The solution to misinformation is found in being better informed than the other people, to be able to challenge their assumptions in a non-threatening way, to be able to identify agendas, and be able to effectively lead them out of their misinformed position.
This is no easy task.
So, no. No one person can be expected to keep on top of everything, the information infrastructure, the presentation parameters, the conversational cues. So maybe there's a place for an open-source sustainability and energy reference database, a Codex Petroleus for discussion and presentation, from which we all could borrow, to which we could all contribute.
I think using Humor throughout is a great idea. I used to do presentations in groups of 10 all the way to packed rooms with 300+. Did class room education and really understand the multi-thread approach.
Having analogies for different attendees in your presentation is key. One person is into NASCAR another is into Club Med. What things will be different for those people (and everyone in between).
I used to sell Kirby vacuums door to door for 4 years back when I was first starting out. Many many techniques learned.
For example, this technique Feel, Felt, Found , Can be used to help in the persuasion end.
It goes like this.
Having gotten an objection to something you presented, this is how you would counter and continue.
"I know how you feel Bob, You FEEL.... (hit a couple of points of his objection) and I wnat you to know that I FELT the same way,... (give examples of you had problems with that aspect when you first found out), But then I FOUND that.... (explain it in a new way includes his objection)
Feel, Felt Found.
I know how you Feel,
I felt the same way,
But I Found....
This method gets you on THEIR side (I felt the same way, I'm with you).
It would be great if there was a OPEN SOURCE area that everyone could donate Great Graphs, Facts, Figures etc so presentations could be created quickly with up to date info.
Instead of hunting the web for articles, graphs you might have seen somewhere...
How about it Prof. Goose? Can we have an area to post OPEN SOURCE Peak Oil info??
John Carr
John,
Some great suggestions here. Thanks. I'll need to practice that some.
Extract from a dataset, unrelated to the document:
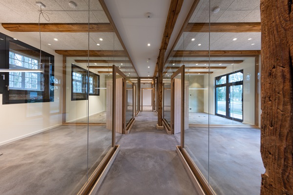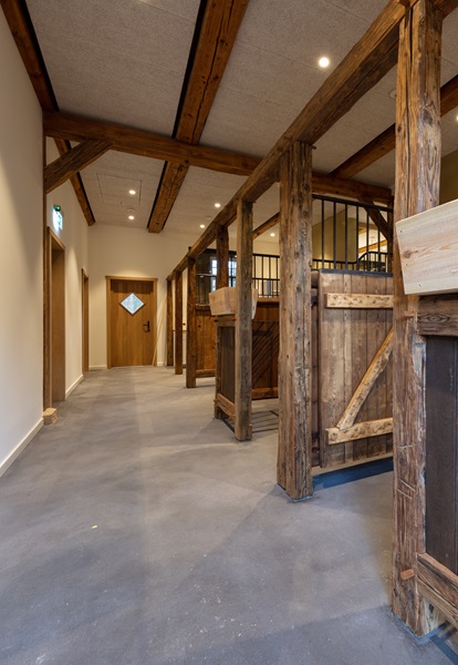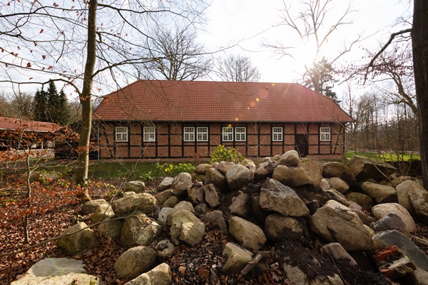 Für den Bundesforstbetrieb Wense war der Umbau eines ehemaligen Pferdestalls zu Büroräumen erforderlich, wodurch eine Nutzungsänderung vom Stall- zum Bürogebäude vorgenommen wurde. Geplant wurde der Umbau des Erdgeschosses des eingeschossigen Fachwerksbaus zu einem Besprechungsraum, vier Büroräumen und den dazugehörigen Funktionsräumen. Dabei wurde die bisher in dem Gebäude liegende Wildkammer in einem anderen Gebäude untergebracht. Im Zuge des Umbaus durfte die Gebäudehülle nicht verändert werden, sondern musste aufgrund des unter Denkmalschutz stehenden Ensembles in ihren Urzustand zurückversetzt und restauriert werden. Durch verschiedene Maßnahmen, wie einem bodengleichen Eingang mit elektrisch öffnender Tür und Taster und einem ebenerdigen Fußboden im gesamten Gebäude, konnte das Bürogebäude barrierefrei ausgeführt und die Anforderungen an die Inklusionen erfüllt werden.

I'd love to get a video of you doing your Peak Oil thing - does anything like that exist? (Youtube for example.)
Regarding the web site idea, I think there is definitely a place for it. I could probably set up something like that independently, but it would be better if it could be done under the umbrella of TOD.
Great suggestions with the feel, felt, found.
Open source peak oil information, brilliant. Many hands make light work. With many eyes, all bugs are shallow.
Okay, you've sparked my interest. Is the "hook" telling folks about an excellent (fill in the blank) that you learned while hiking the Inca Trail to Machu Picchu?
The "hook" is starting an interesting story, relevant to the listener, that you don't finish telling. You return to your original story in the conversation, or go off on another tangent, "forgetting" about the hook story.
Thus getting them to ask, "so what happened on the Inca Trail"?
Though using an experience from your own life is bound to be more realistic and effective.
Charlie and I are standing at the top of a hill overlooking Machu Picchu. The fourth day of the hike, and we've hiked an hour that morning to get to the top, and are awed by the view. "Breathtaking," I mutter. "Yeah," he replies, and begins to point at the ruins. "But soon there'll be ... " He trails off for a moment, and starts walking toward the site. I start after him, but he won't finish the sentence and changes the subject.
An hour later, two buses of tourists arrive and the site is swarmed. "Too many people", he says, pointing again, finally finishing his sentence.
I had to wait for it and ask for it, and when I got it, there was a much bigger impact.